An Approach Based on Bayesian Networks for Query Selectivity Estimation
Pith reviewed 2026-05-24 21:19 UTC · model grok-4.3
The pith
Chow-Liu trees capture attribute correlations to produce selectivity estimates an order of magnitude more accurate than the independence assumption.
A machine-rendered reading of the paper's core claim, the machinery that carries it, and where it could break.
Core claim
We propose a novel approach based on a particular type of Bayesian networks called Chow-Liu trees to approximate the distribution of attribute values inside each relation of a database. Our results on the TPC-DS benchmark show that our method is an order of magnitude more precise than other approaches whilst remaining reasonably efficient in terms of time and space.
What carries the argument
Chow-Liu trees, tree-structured Bayesian networks that encode the strongest pairwise dependencies between attributes and thereby approximate their joint distribution for selectivity calculation.
If this is right
- Query optimizers receive row-count estimates whose errors are an order of magnitude smaller, so they more often select efficient join orders and access methods.
- The space and time overhead of maintaining one Chow-Liu tree per relation stays low enough for practical deployment inside existing cost models.
- The independence assumption can be dropped for any relation whose attributes exhibit tree-like pairwise correlations without redesigning the rest of the optimizer.
- TPC-DS workloads, which contain realistic correlation patterns, serve as a concrete demonstration that the precision gain is achievable on standard decision-support data.
Where Pith is reading between the lines
- The same trees could be refreshed incrementally when data changes, turning the method into a lightweight online statistics collector.
- Because the trees are small, they could be shipped with data exports or used inside federated query engines that lack global statistics.
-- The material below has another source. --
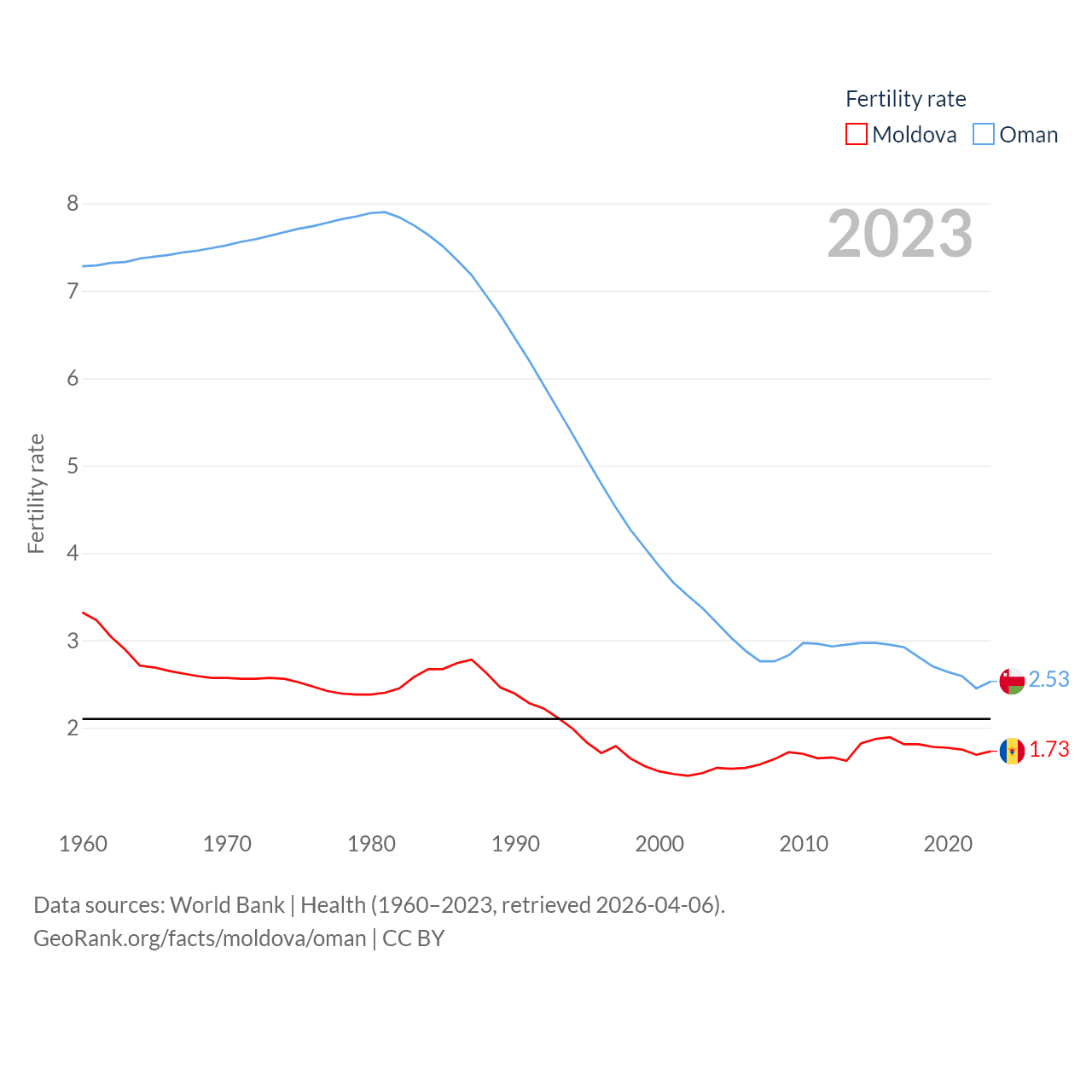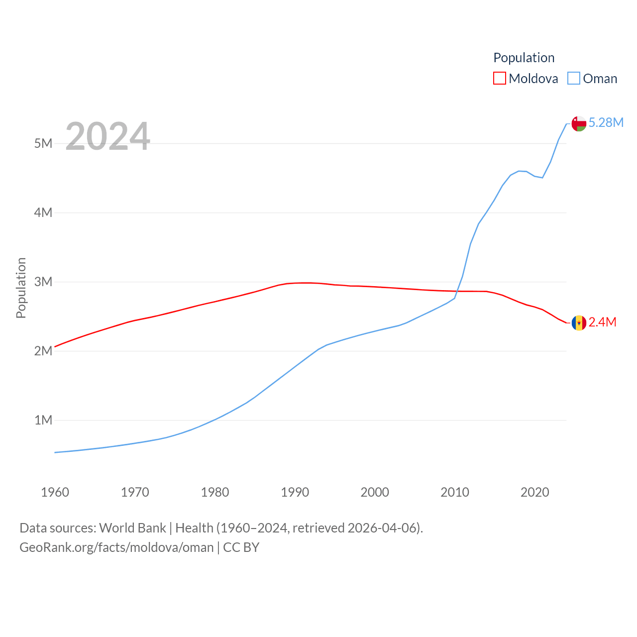 Moldova has a population of 2.4M (ranked 143/197), compared with 5.28M in Oman (ranked 124/197). Moldova's land area is 12,714 sq mi versus 119,499 sq mi for Oman (ranked 135th vs. 68th).

- If higher-order dependencies prove important on some workloads, the Chow-Liu construction could be replaced by a slightly denser graphical model while preserving the same interface to the cost model.
Load-bearing premise
That Chow-Liu trees built from sampled data will capture the correlations that actually matter for selectivity estimation across the full range of queries without introducing new sources of error that offset the gains.
What would settle it
Measure selectivity error on a new benchmark containing known higher-order attribute dependencies; if the error is no longer reduced by roughly a factor of ten relative to the independence baseline, the central claim fails.
Figures
read the original abstract
The efficiency of a query execution plan depends on the accuracy of the selectivity estimates given to the query optimiser by the cost model. The cost model makes simplifying assumptions in order to produce said estimates in a timely manner. These assumptions lead to selectivity estimation errors that have dramatic effects on the quality of the resulting query execution plans. A convenient assumption that is ubiquitous among current cost models is to assume that attributes are independent with each other. However, it ignores potential correlations which can have a huge negative impact on the accuracy of the cost model. In this paper we attempt to relax the attribute value independence assumption without unreasonably deteriorating the accuracy of the cost model. We propose a novel approach based on a particular type of Bayesian networks called Chow-Liu trees to approximate the distribution of attribute values inside each relation of a database. Our results on the TPC-DS benchmark show that our method is an order of magnitude more precise than other approaches whilst remaining reasonably efficient in terms of time and space.
Editorial analysis
A structured set of objections, weighed in public.
Referee Report
Summary. The manuscript proposes using Chow-Liu trees (a restricted form of Bayesian network) to approximate the joint distribution of attribute values within each database relation. This relaxes the ubiquitous attribute-independence assumption in query cost models while aiming to keep estimation time and space costs modest. The central empirical claim is that the resulting selectivity estimates are an order of magnitude more precise than competing methods on the TPC-DS benchmark.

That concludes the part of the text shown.